RECORDS TO USE:

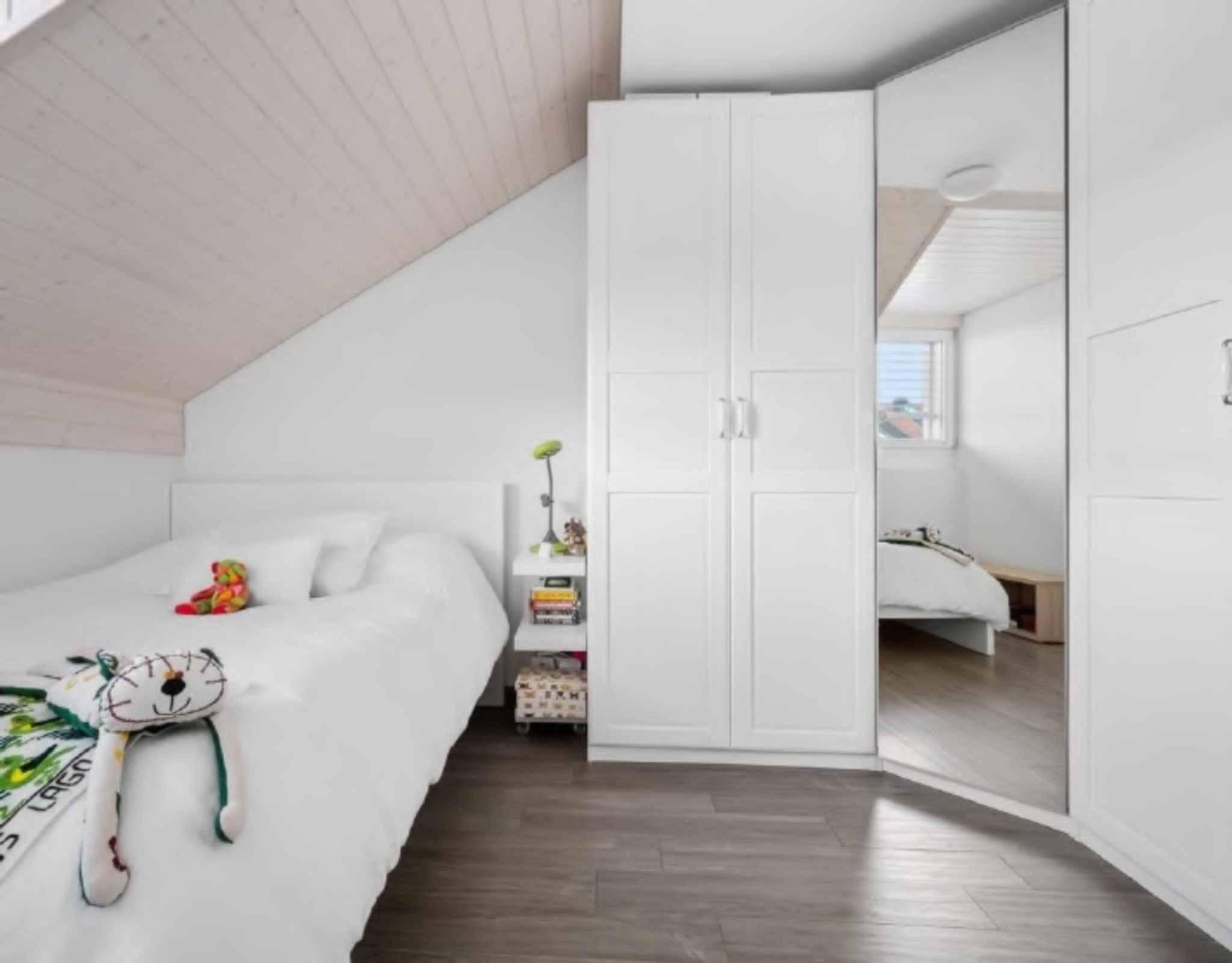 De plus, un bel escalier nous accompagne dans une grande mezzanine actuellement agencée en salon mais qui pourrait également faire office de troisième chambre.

...

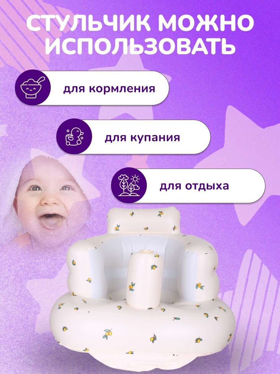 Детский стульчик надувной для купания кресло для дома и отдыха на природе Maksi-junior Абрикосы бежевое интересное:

---

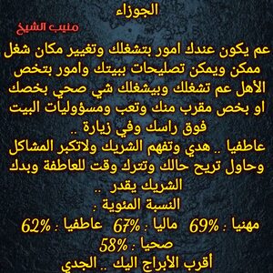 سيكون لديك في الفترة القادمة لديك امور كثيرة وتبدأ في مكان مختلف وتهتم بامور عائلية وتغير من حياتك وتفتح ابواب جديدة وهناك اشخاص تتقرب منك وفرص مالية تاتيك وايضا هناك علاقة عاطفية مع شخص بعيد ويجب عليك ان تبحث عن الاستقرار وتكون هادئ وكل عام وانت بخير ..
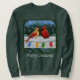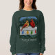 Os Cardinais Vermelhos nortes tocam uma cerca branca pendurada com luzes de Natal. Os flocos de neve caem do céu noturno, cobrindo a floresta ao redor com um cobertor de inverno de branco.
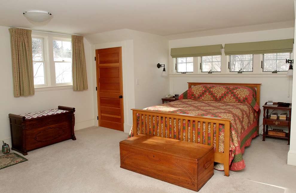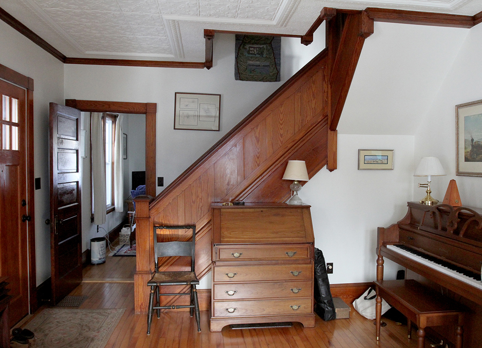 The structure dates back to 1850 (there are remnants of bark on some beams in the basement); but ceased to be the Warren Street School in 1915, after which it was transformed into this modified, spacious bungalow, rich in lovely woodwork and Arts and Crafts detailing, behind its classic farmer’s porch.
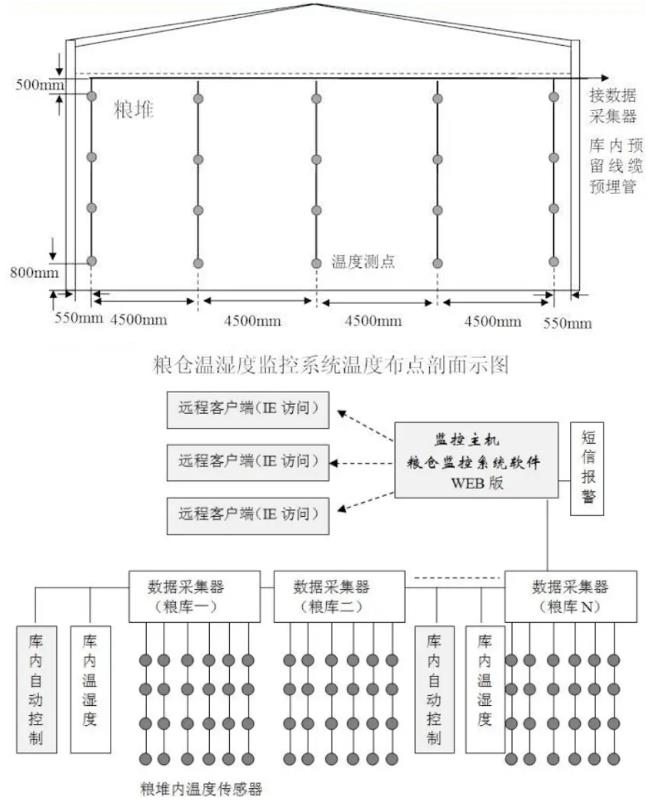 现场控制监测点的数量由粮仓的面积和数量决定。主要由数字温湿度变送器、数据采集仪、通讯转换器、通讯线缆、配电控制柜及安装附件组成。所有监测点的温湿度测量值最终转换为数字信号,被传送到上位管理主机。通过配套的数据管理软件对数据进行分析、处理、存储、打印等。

WHAT THE TASK REQUIRES:
What do the entries above read from the line containing "Os Cardinais Vermelhos" through the line containing "现场控制监测点的数量由粮仓的"? Output those lines exactly, both ends included, with the pictures left out.

SOLUTION:
 Os Cardinais Vermelhos nortes tocam uma cerca branca pendurada com luzes de Natal. Os flocos de neve caem do céu noturno, cobrindo a floresta ao redor com um cobertor de inverno de branco.
 The structure dates back to 1850 (there are remnants of bark on some beams in the basement); but ceased to be the Warren Street School in 1915, after which it was transformed into this modified, spacious bungalow, rich in lovely woodwork and Arts and Crafts detailing, behind its classic farmer’s porch.
 现场控制监测点的数量由粮仓的面积和数量决定。主要由数字温湿度变送器、数据采集仪、通讯转换器、通讯线缆、配电控制柜及安装附件组成。所有监测点的温湿度测量值最终转换为数字信号,被传送到上位管理主机。通过配套的数据管理软件对数据进行分析、处理、存储、打印等。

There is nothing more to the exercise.